▶ _EXERCISE DATA_
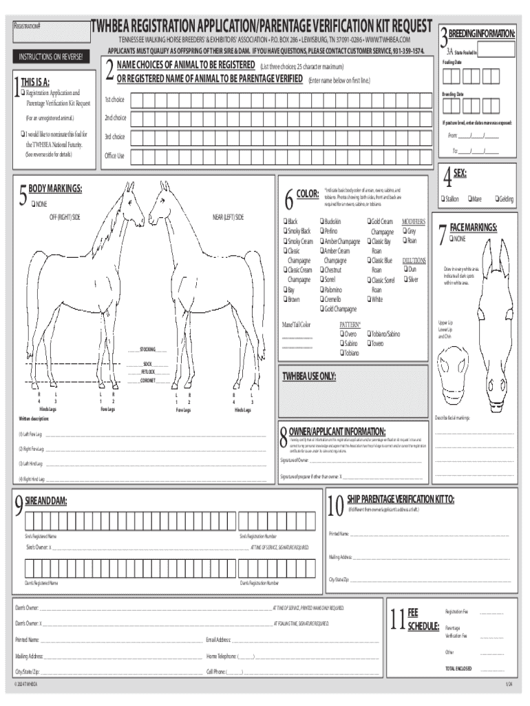 TWHBEA REGISTRATION APPLICATION/PARENTAGE VERIFICATION KIT REQUESTRegistration# INSTRUCTIONS ON REVERSE!1THIS IS A:o Registration Application and Parentage Verification Kit Request (For an unregistered
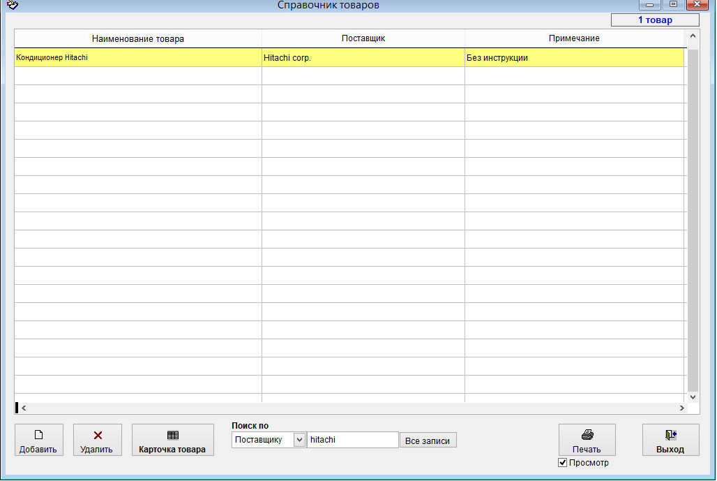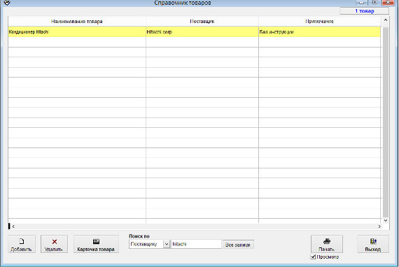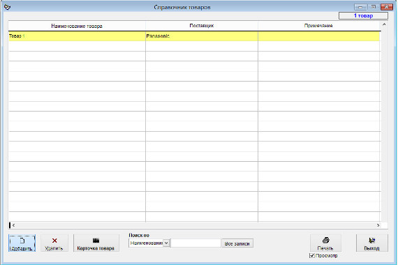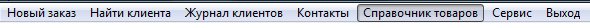 Для вызова справочника товаров выберите пункт меню "Справочник товаров"
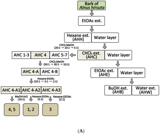 Dried stem bark of A. hirsuta obtained from Jecheon district in Korea was identified by Prof. Hyoung-Tak Im of Chonnam National University (CNU). A voucher specimen (JNU-A017) was deposited at the Herbarium of College of Pharmacy, CNU in Korea. The stem bark of A. hirsuta (5.0 kg) was pulverized and then extracted with 5 L ethyl acetate (EtOAc) at room temperature three times for 24 h. The extracted solution was concentrated in vacuo to 608× g residue of the crude EtOAc extract. The extract was suspended in H2O and partitioned sequentially with 2 L of each solvent of hexane, CHCl3, EtOAc, n-BuOH and H2O, resulting in a residue of AHH (65 g), AHC (81 g), AHE (260 g), AHB (127 g), and AHW (75 g), respectively. The AHC extract (40 g) was further separated into seven fractions (AHC 1–7) by eluent CHCl3-MeOH. Open column chromatography (silica-gel, Kieselgel 60, 1.07734.9025, Merck, Darmstadt, Germany) and Medium Pressure Liquid Chromatography (MPLC, YFLC 530, YAMAZEN, Osaka, Japan) with an ODS-SM-50B column were used for the separation and isolation. Isolated compounds were purified by Sephadex LH-20 (Pharmacia, Piscataway, NJ, USA). Individual compounds were isolated from subfraction AHC 4 of the AHC extract.
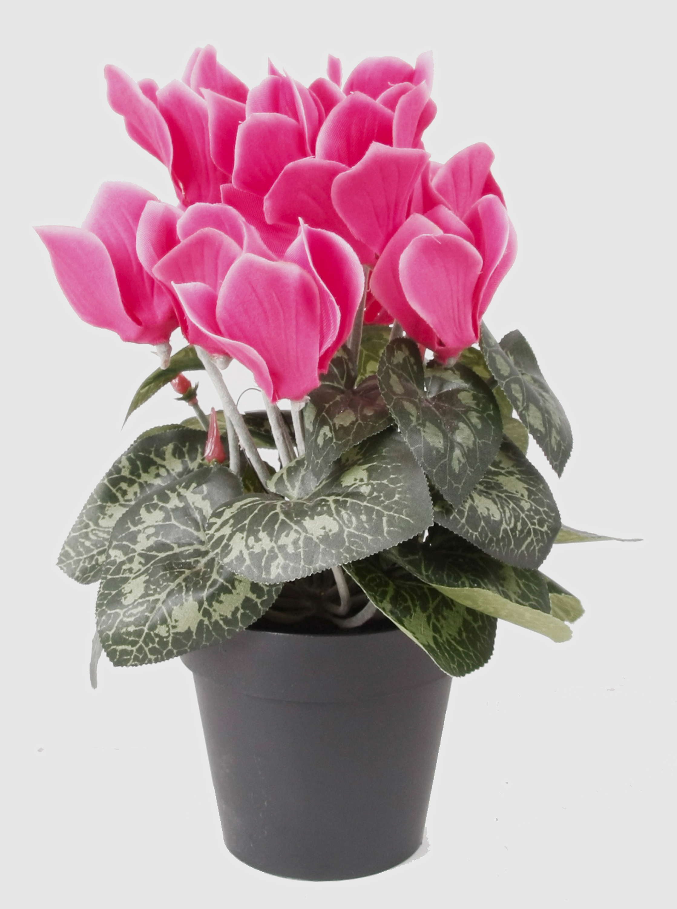Jolie petite plante fleurie pourvue de 12 fleurs rose fuchsia et 4 boutons. Ce cyclamen synthétique est livré en pot et mesure au total environ 25 cm de haut.

▶ _DIRECTIONS_
Give back the material exactly as written, from its first line to the line that contains "Для вызова справочника", and leave out the pictures.

▶ _ANSWER BOX_
 TWHBEA REGISTRATION APPLICATION/PARENTAGE VERIFICATION KIT REQUESTRegistration# INSTRUCTIONS ON REVERSE!1THIS IS A:o Registration Application and Parentage Verification Kit Request (For an unregistered
 Для вызова справочника товаров выберите пункт меню "Справочник товаров"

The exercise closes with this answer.